Nigeria's private sector experienced a notable slowdown in growth during May 2025, as businesses grappled with persistent cost pressures and a decline in overall confidence. This is according to the latest Stanbic IBTC Bank Nigeria Purchasing Managers’ Index (PMI) report, compiled by S&P Global, which recorded the weakest improvement in business conditions since January.
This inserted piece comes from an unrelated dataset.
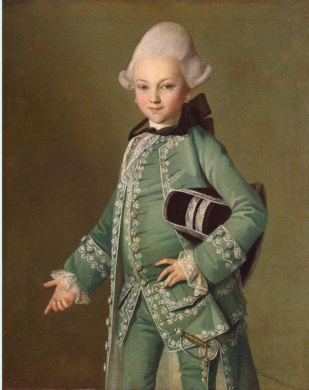
Алексей Григорьевич Бобринский – внебрачный сын императрицы

The headline PMI dipped to 52.7 points in May, a decrease from 54.2 in April. While the index remains above the 50.0 "no-change" threshold, indicating continued, albeit slower, expansion, the figures paint a picture of a private sector facing increasing headwinds. This moderation aligns with findings from the NESG-Stanbic IBTC Business Confidence Monitor (BCM), which earlier this week highlighted a slowdown in growth momentum despite a generally positive business environment, attributing it to operational inefficiencies, escalating costs, and fragile macroeconomic conditions.
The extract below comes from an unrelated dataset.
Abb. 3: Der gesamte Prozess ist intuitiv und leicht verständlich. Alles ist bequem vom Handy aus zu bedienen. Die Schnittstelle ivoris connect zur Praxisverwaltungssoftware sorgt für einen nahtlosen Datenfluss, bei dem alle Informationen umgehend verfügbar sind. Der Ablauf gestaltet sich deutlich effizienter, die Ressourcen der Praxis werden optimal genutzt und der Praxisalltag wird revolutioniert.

A significant concern flagged by the S&P Global report, mirroring the NESG-Stanbic BCM, is a growing sense of caution among businesses. This apprehension is evident in the fact that employment levels fell for the first time in six months. Firms cited difficulties in meeting wage obligations and an increase in voluntary resignations as contributing factors to this modest reduction in headcount.
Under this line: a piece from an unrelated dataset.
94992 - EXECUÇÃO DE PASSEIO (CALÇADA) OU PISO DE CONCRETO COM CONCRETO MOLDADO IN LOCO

Despite a smaller workforce, the report indicates that labor shortages are pushing up work backlogs, with the increase in outstanding business being the sharpest since February 2023. This suggests that businesses are struggling to keep pace with demand, even as new orders and output growth eased to their slowest rates in four months. Furthermore, delayed customer payments are reportedly exacerbating project completion challenges. While staff costs increased, the report noted that the pace of this increase was the slowest in over two years, indicating that firms are actively trimming their workforce to contain rising expenses.

Despite these challenges, business activity remained broadly resilient. Sectors such as wholesale, retail, and manufacturing continued to record expansion. Purchasing activity saw its sixth consecutive month of growth, and inventory levels increased at the fastest rate since February, reflecting businesses' expectations of improved future demand.

However, input cost pressures remained a significant hurdle. Higher raw material prices, the persistent weakness of the Nigerian currency, and elevated transport costs continued to drive up expenses for firms. Interestingly, while output charges remained high, the pace of inflation for these charges eased to a two-year low, suggesting that some businesses are absorbing a portion of these rising costs to remain competitive. Muyiwa Oni, Head of Equity Research, West Africa at Stanbic IBTC Bank, commented on this dynamic, stating, "Purchase costs rose rapidly, yet the pace of output price inflation softened, suggesting some firms are absorbing costs to stay competitive."

Perhaps one of the most striking findings from the May PMI report is the continued erosion of business confidence, which has now declined for the fourth consecutive month, reaching one of its lowest levels on record. Nevertheless, a majority of businesses maintain a positive 12-month outlook, buoyed by planned expansion strategies, marketing campaigns, and inventory restocking initiatives. Oni remains optimistic, asserting, "While market conditions are showing signs of strain, the outlook for Nigerian business activity remains anchored in recovery momentum and structural reforms."

Looking ahead, Stanbic IBTC projects that Nigeria’s economy will grow by 3.5% year-on-year in 2025, a slight increase from the 3.4% expansion in 2024. This growth is expected to be supported by anticipated interest rate cuts and a gradual easing of inflationary pressures. "Nigeria’s business environment is on course to end the second quarter on a positive note, although the momentum has softened compared to Q1," Oni concluded.

The Stanbic IBTC Nigeria PMI is a vital indicator, drawing data from approximately 400 private sector companies across key segments of the Nigerian economy, including agriculture, manufacturing, construction, wholesale, retail, and services, offering a comprehensive snapshot of the nation's economic health.